If this was a sibling with downs or a serious handicap that's one thing. But please don't put me in charge of babysitting another grown up. Udh.
Anonymous
Can a financial adviser be the manager of the trust? I seriously can not imagine trying to make determinations like that for a grown, independent family member. It just seems really...insulting to them. I understand the good intentions, but how awkward.
Anonymous
Its one thing for someone to give money to a charity that they believe in and another to do it because they are mad or disappointed in a relative. I agree that recommending a trust manager that provides money from the estate for specific purposes (education, down payment on house) and under specific conditions (must attend and graduate college, be employed for a specified period of time) is a good control to see that the money isn't wasted.
Anonymous
On the flip side, some parents in that situation decide that the irresponsible sibling is the one that needs more help and so leaves them ALL the money. And you wonder why so many people don't have wills....
Anonymous
I used to know some mobsters...
Anonymous
Let me fix that for you:

"My Parents are considering leaving their assets to charity."

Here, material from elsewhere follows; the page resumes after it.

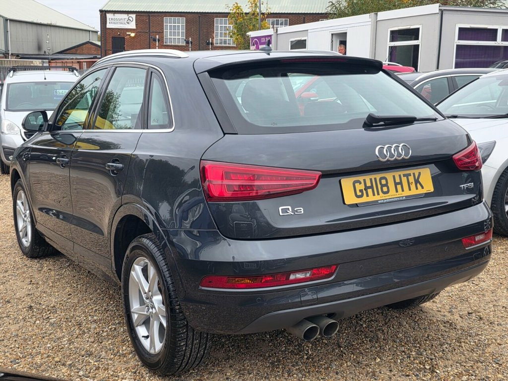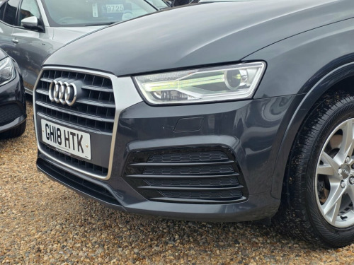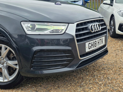 This 2018 Audi Q3 TDI S line Edition boasts a full dealership service history and a clear vehicle history check, offering you peace of mind. This stylish SUV features a powerful 2.0L Diesel engine paired with Four Wheel Drive for confident handling in all conditions. Its Euro 6 emission class ensures it meets modern environmental standards. The S line Edition trim enhances its sporty appeal, and you'll appreciate the convenience of LED Headlights with Dynamic Rear Indicators, Dual-Zone Electronic Climate Control, and the Audi Parking System Plus for effortless parking. Stay connected with the Bluetooth Interface and enjoy enhanced visibility thanks to the Light and Rain Sensor which automatically activates the headlights.  Experience impressive efficiency with a highlighted fuel economy of 53 mpg and low CO2 emissions, making this Q3 an economical choice. Its brisk acceleration, reaching 0-60mph in just 7.9 seconds, demonstrates its dynamic performance. These highlights indicate that this Audi Q3 offers a superior driving experience compared to many similar vehicles. A 3 month warranty is included for added reassurance. 18in Alloy Wheels - 5-Twin-Spoke Design , 4-Way Electric Lumbar Support for Front , 6.5in Colour Display Screen, 8 Passive Speakers, AMI - Audi Music Interface, Aluminium Roof Rails, Aluminium Window Trims, Anti Theft Locking Wheel Bolts, Anti-Theft Alarm, Audi Drive Select, Audi Parking System Plus, Auto-Dimming Rear-View Mirror, Bluetooth Interface, Body Coloured Door Mirrors, Chrome-Plated Trims for Exhaust Tailpipe, Cloth Headlining in Black, Concert Radio, Cruise Control, DAB Digital Radio, Door Mirrors - Heated-Electrically Adjus, Door Sill Trims with S Line Logo, Driver - Front Passenger - Front Side an, Drivers Information System - DIS - 3.5in, Dual-Zone Electronic Climate Control, D

How lovely and generous of them! Now go get a job and stop counting other people's money.
Anonymous
Anonymous wrote:If the parents die and do not leave a will, the estate gets divided among the closest kin (along with the tax man). Right? That means the children.

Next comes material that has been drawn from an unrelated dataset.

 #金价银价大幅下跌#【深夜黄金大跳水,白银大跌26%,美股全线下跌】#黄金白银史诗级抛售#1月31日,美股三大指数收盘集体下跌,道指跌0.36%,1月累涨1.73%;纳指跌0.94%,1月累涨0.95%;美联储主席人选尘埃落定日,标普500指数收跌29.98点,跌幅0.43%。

The parents can opt to will their estate to other people or to a charity if they want to. But they would have to actively disinherit their kids by writing a will to exclude them from inheriting anything. That's the part that just seems..hurtful.

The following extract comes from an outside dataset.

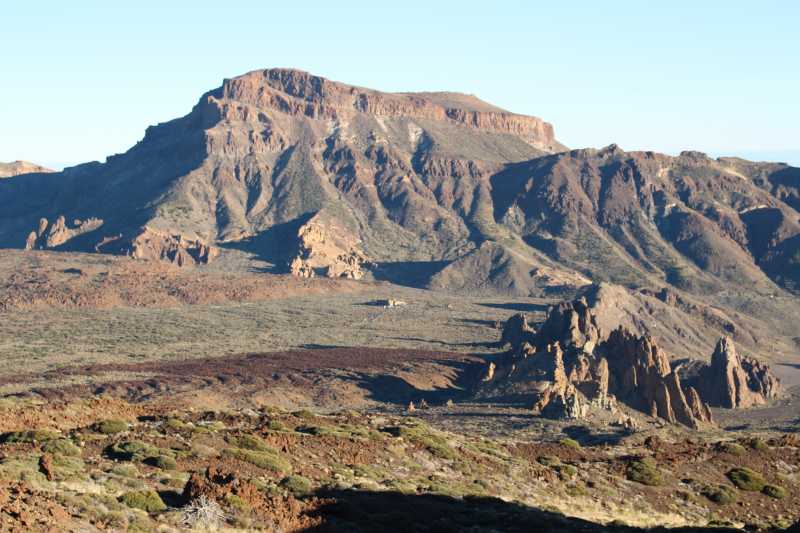 24442. View from the Upper Cave down the slope to the plain east of Roques de Garcia, El Parador Nacional del Teide - Centro de Visitantes and the Alto de Guajara mountain above it. The virtual line, starting at the church west of Centro de Visitantes and passing exactly through the middle of the two rocks from the previous picture (here center right) is crossing the Lower Cave entrance, as well as Upper Cave entrance; its southern grid can be seen in the lower left corner of the picture.

I'm trying to think of reasons why I would actively disinherit my own kids if they were reasonably responsible and our relationship was not very bad. And I really can't come up with much.



Rarely. You have to have a really big estate (around $11 million for a couple) before you start to have any tax issues.
Anonymous
Anonymous wrote:On the flip side, some parents in that situation decide that the irresponsible sibling is the one that needs more help and so leaves them ALL the money. And you wonder why so many people don't have wills....


Yep. this is what happened to my DH. The other kids mostly moved past it, but it still rankles him when we visit and he sees his parent's beautiful little house falling into utter disrepair because they somehow still can't afford to keep it up.
Anonymous
Anonymous wrote:
Anonymous wrote:If the parents die and do not leave a will, the estate gets divided among the closest kin (along with the tax man). Right? That means the children.

The parents can opt to will their estate to other people or to a charity if they want to. But they would have to actively disinherit their kids by writing a will to exclude them from inheriting anything. That's the part that just seems..hurtful.

I'm trying to think of reasons why I would actively disinherit my own kids if they were reasonably responsible and our relationship was not very bad. And I really can't come up with much.



Rarely. You have to have a really big estate (around $11 million for a couple) before you start to have any tax issues.


I thought that you had to have a will on file or there would be some sort of chunk taken out by the government. Does the money automatically go to a person's spouse, then children?